Univariate statistics

First, we studied properties of the EEG alpha peak, the most prominent feature of the awake human EEG. As expected from the literature, both the alpha peak frequency and absolute power significantly changed with age, with increasing peak frequency and decreasing power (Fig. 2, p values for age coefficient: alpha peak frequency p = 7.0·10−11, absolute power eyes open p = 3.2·10−17, absolute power eyes closed p = 1.9·10−9). We next investigated whether the groups differed in mean or variance. (A higher variance in the ASD group could be indicative of increased variability or heterogeneity.) The mean reactivity to eye opening differed between the ASD and NT groups (log-likelihood test p = 0.042): There was a significant interaction between group and age (F-test, p = 0.048): The age-related increases in reactivity were stronger in the NT than in the ASD cohort. We found no significant differences between ASD and NT for alpha peak frequency or absolute power in the training sample and no difference between variances for any measure (p > 0.12, Table 2).

Fig. 2
figure 2

Alpha peak measures. For each measure, the scatter plot of the raw values as a function of age is shown in the left side and the residuals of the linear mixed effects model y ~ 1 + age + sex + IQ + (1|site) on the right side. All plots derived from the training dataset (147 ASD and 140 NT)

Table 2 P values from the univariate statistics (training dataset, 147 ASD and 140 NT)

Next, we investigated source space spectral power and functional connectivity. As expected from the literature, both PS and FC were strongly modulated by age. Cluster-based permutations tests showed two clusters of PS modulations with age (p < 0.001, log-likelihood tests of models with and without age coefficients): with PS decreasing with age for lower frequencies (< 7.7 Hz) and increasing for higher frequencies (> 10.6 Hz). Note that opposite trends in both frequency ranges are expected given the use of relative power. Comparing ASD to NT, we did not find any significant group effects for PS or FC, neither for mean nor for variance (p > 0.05, correcting for multiple comparisons with cluster-based permutation tests within PS and FC, respectively; Table 2).

Multivariate statistics

We next investigated whether a multivariate combination of PS and FC features across space and frequency could separate ASD from NT using three machine learning approaches: linear SVC, elastic net logistic regression and radial basis function SVC with a nested Boruta feature selection (see Methods). Classification performance was overall poor (accuracy 47–57%, sensitivity 50–54%, and specificity 44–61%). For PS and wPLI, the classification performance with the elastic net classifier was greater than expected by chance (p = 0.025 and p = 0.009, respectively, Table 3).

Table 3 ASD vs NT cross-validation classification performance of PS and FC features (training dataset)
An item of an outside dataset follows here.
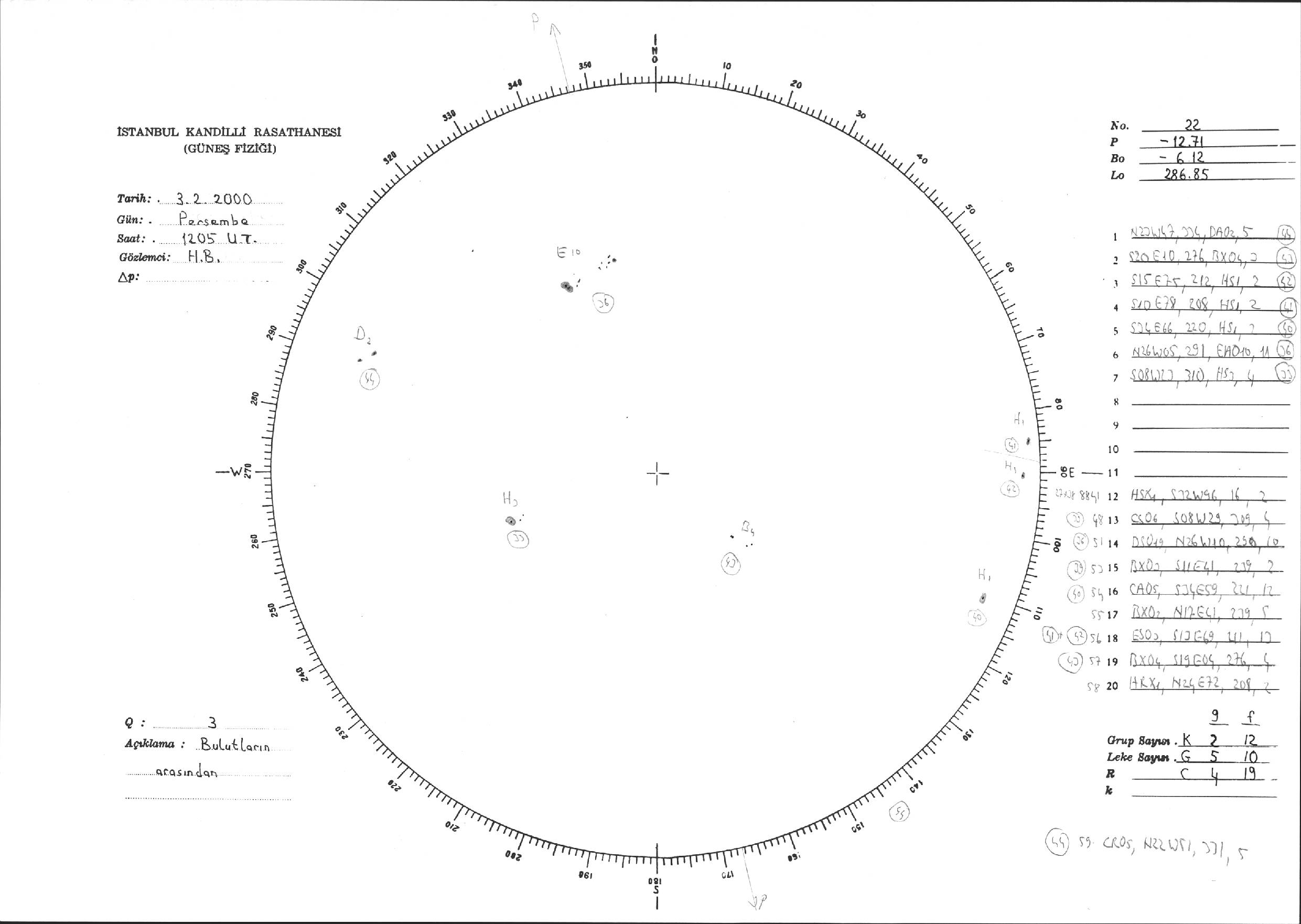 Güneş Lekesi Çizimi - 03.02.2000

Generalizability: age, ASD definition, alternative PS and FC measures

Our results above depend on specific analysis choices including accounting for age as a covariate, criteria for inclusion in the ASD group and choice of specific PS and FC metrics. We next tested whether our results were robust to these specific choices. First, to account for possible nonlinear age dependencies, we built separate ASD vs. NT classification models for children (6–11 years), adolescents (12–17 years) and adults (18–32 years). Such models could uncover potential age-group specific ASD patterns (e.g., alterations only in adults, or only in children and adults but not adolescents) without committing to a pre-specified age-dependency model. Secondly, we used an alternate and “narrower” ASD definition and restricted the ASD sample to individuals who in addition to the ASD clinical diagnosis also met the ASD threshold on the ADOS-2 and on the ADI-R, following [50]. 51.8% of the ASD participants met this additional criterion (n = 77 ASD participants in the training dataset, n = 110 ASD participants overall, see Additional file 1: Table S5 for a full description of their clinical and demographic characteristics). Thirdly, the effect of EEG processing pipeline choices was assessed by evaluating absolute rather than relative power and alternate FC algorithms with different underlying assumptions on the nature of the coupling between regions’ activities (PowCorr, COH, iCOH and PLV, as described in Materials and Methods). The results are listed in Table 3. Of note, given the amplitude bias in beamforming source reconstructions, absolute power was estimated in sensor space. Classification performance was in general poor and in line with the main analysis described in the previous section, and only significantly better than expected by chance for the linear SVC and the elastic net model with wPLI in children (p = 0.02 and p = 0.013, respectively).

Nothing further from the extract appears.